Le chef de l’État sénégalais, Bassirou Diomaye Faye, a franchi une étape décisive en promulguant la nouvelle loi modifiant le code électoral. Ce texte législatif, désormais officiel, est perçu comme un levier majeur permettant au Premier ministre Ousmane Sonko d’envisager sereinement une candidature pour le scrutin présidentiel de 2029. Cette décision a été entérinée par la signature d’un décret présidentiel authentifié ce samedi.

Cette validation intervient dans un climat politique électrique, marqué par des secousses internes au sein du Pastef.
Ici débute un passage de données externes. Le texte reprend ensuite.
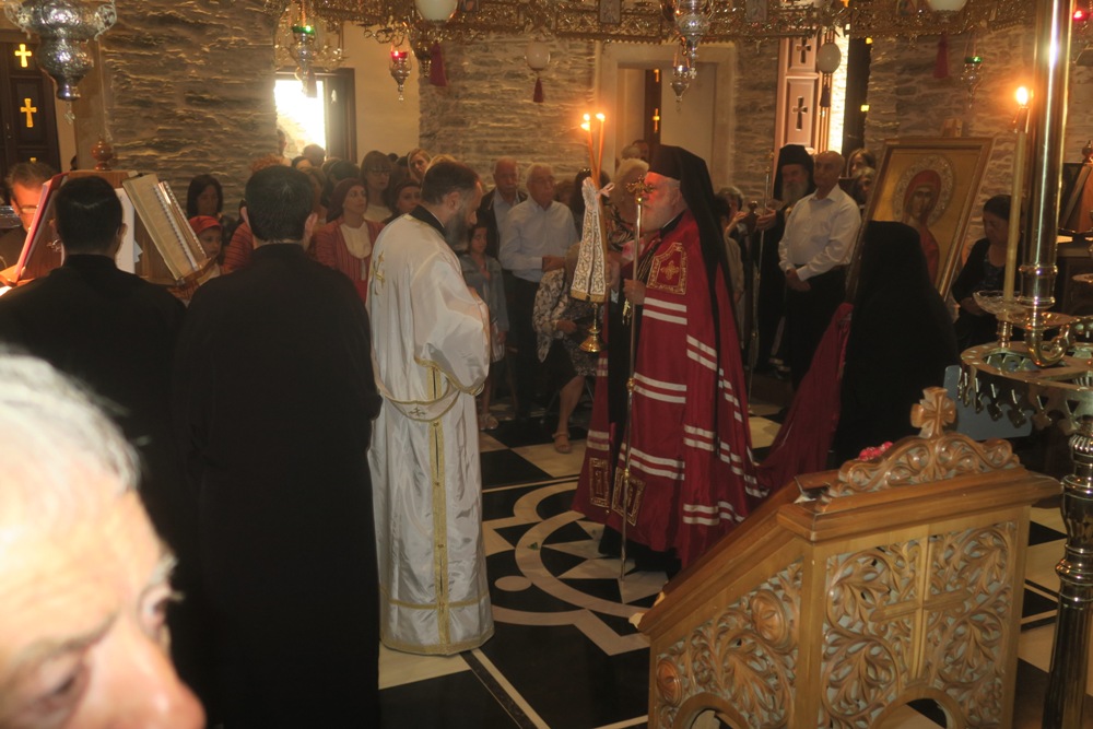 Λαοθάλασσα πιστών από την Άνδρο και ευλαβών προσκυνητών από την Ελλάδα και το εξωτερικό κατέκλυσε σήμερα το πρωί τους αύλιους χώρους και το νεόκτιστο Καθολικό της Ιεράς Μονής Αγίας Μαρίνης, στα Αποίκια της Άνδρου, όπου ιερούργησε ο Σεβασμιώτατος κ. Δωρόθεος Β’, με τη συμμετοχή των Πατέρων της Μονής και Κληρικών από την Άνδρο και την Κύπρο και Χορού Ιεροψαλτών από τη Λεμεσό της Κύπρου και με την παρουσία του Δημάρχου Άνδρου κ. Θεοδόσιου Σουσούδη, του νεοεκλεγέντος Δημάρχου κ. Δημητρίου Λοτσάρη, του Επάρχου Άνδρου κ. Λάσκαρη, του διατελέσαντος Δημάρχου κ. Γιαννίση, Αξιωματικών του Λιμενικού Σώματος Άνδρου και Δημοτικών Συμβούλων.

Des doutes avaient surgi quant à la volonté réelle de Bassirou Diomaye Faye d’accélérer ce processus législatif. Pour rappel, Ousmane Sonko n’avait pu se présenter à l’élection de mars 2024 suite à une condamnation pour diffamation ayant entraîné son inéligibilité. C’est dans ce contexte que son allié de toujours, Bassirou Diomaye Faye, avait été désigné pour porter les couleurs du parti. Les débats récents ont mis en lumière les enjeux de cette réforme sur l’avenir politique du leader du Pastef.
Des tiraillements au sommet de l’État
La relation entre le président et son Premier ministre a fait l’objet de nombreuses interprétations ces derniers mois. Après une première adoption par l’Assemblée nationale le 28 avril, Bassirou Diomaye Faye avait sollicité une seconde lecture du texte, justifiant sa demande par la présence de « erreurs matérielles ». Cette démarche avait suscité des remous chez certains cadres du Pastef, qui y voyaient une manœuvre pour ralentir l’éligibilité de Ousmane Sonko au profit d’ambitions présidentielles personnelles pour le prochain mandat.
Le parlement a finalement voté une nouvelle fois la réforme le 9 mai, avant que le président ne signe le décret de promulgation ce mardi. La législation révisée précise désormais les modalités de la déchéance civique, en instaurant une durée fixe de cinq ans après l’exécution de la peine. L’aspect rétroactif de cette mesure est au cœur des discussions politiques au Sénégal. Ousmane Sonko avait été condamné en appel en mai 2023 à une peine de prison avec sursis, suite à un litige avec un membre du gouvernement de l’époque.
Les perspectives pour l’éligibilité de Ousmane Sonko
La confirmation de cette condamnation par la Cour suprême en janvier 2024 avait scellé son sort pour le dernier scrutin présidentiel. Plus récemment, en juillet 2025, un ultime recours du leader politique a été écarté par la haute juridiction, maintenant le flou sur son futur électoral. Malgré ces obstacles judiciaires, le Premier ministre conserve une assise politique forte, illustrée par son élection en tant que député en novembre 2024, fonction qu’il a quittée pour se consacrer pleinement à la direction du gouvernement.